Codice che tra l'altro qualche regione italiana  (Toscana,Marche ed Umbria) ha fatto definire incostituzionale poiché riprende per tre quarti il vecchio Decreto Gasparri riuscendo a vincere numerose battaglie contro installazioni. Addirittura nel comune di Spezzano Albanese hanno vinto contro l'installazione di un traliccio Omnitel.
Inoltre  visto che il comune definisce il suo PRGC di forte connotazione ambientalista ci può spiegare come mai l'antenna viene a sorgere proprio nell'area di monte Castellier definita”area boschiva di particolare interesse naturalistico”e ancor peggio si pensa di spostarla ,tra 18 mesi, in una zona ancora più inoltrata nel bosco.

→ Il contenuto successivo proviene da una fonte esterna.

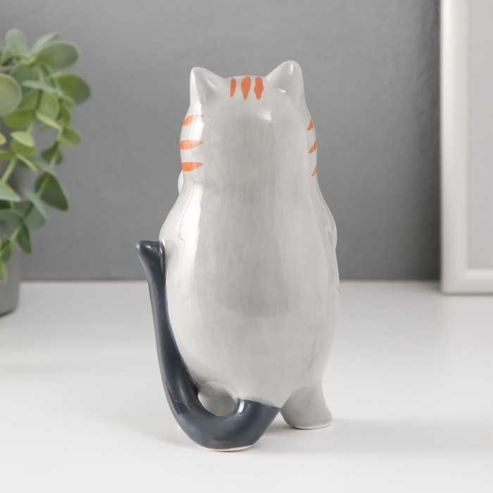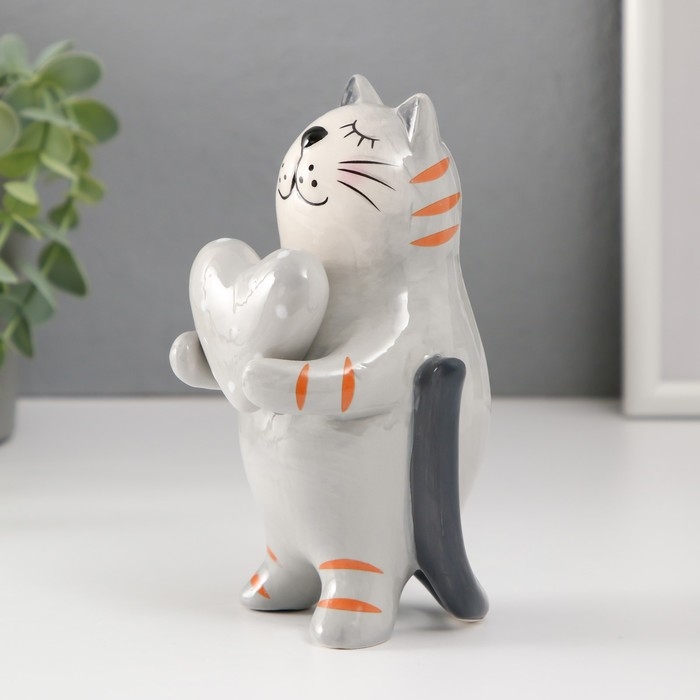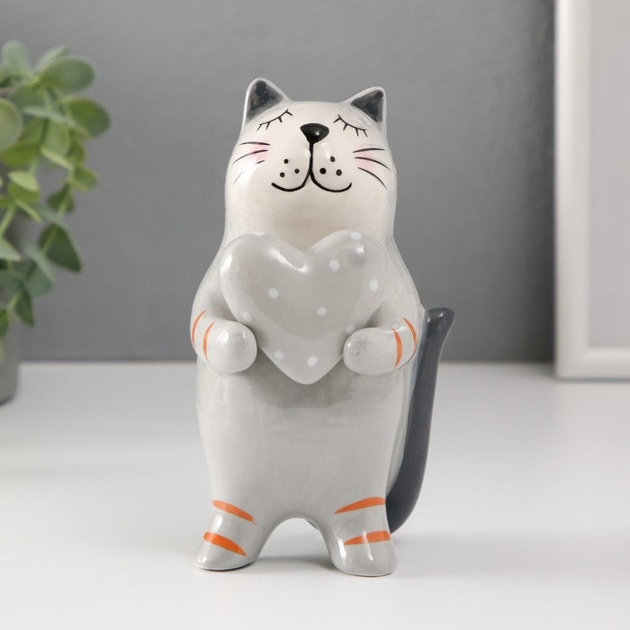 Сувенир керамика "Серый котик с сердцем в горох" 8,2х7,8х15 см

E in questo modo che tutelano l'ambiente  e lasciano che installino antenne considerate opere PRIVATE di pubblica utilità che quindi non risultano opere di urbanizzazione primaria (come ce le spacciano a noi) perché non destinate alla sicurezza abitativa e a soddisfare le esigenze primarie di chi abita nella zona, come ad esempio il tubo dell'acqua e i cavi dell'elettricità, ma solamente a coprire un servizio privato destinato alla gestione con criteri imprenditoriali.(definizione data da un gruppo di persone esperte di questo argomento che come sovrascritto se richiesto danno aiuto alle P.A.)
Pertanto con questo articolo si vuole offrire uno spunto costruttivo al comune di Muggia su come far fronte a tale problema poiché sbagliando si impara.

Non preoccuparti della critica. Se non è vera, ignorala; Se è ingiusta, evita di irritarti; se è ignorante, sorridi; se è giustificata, impara da essa.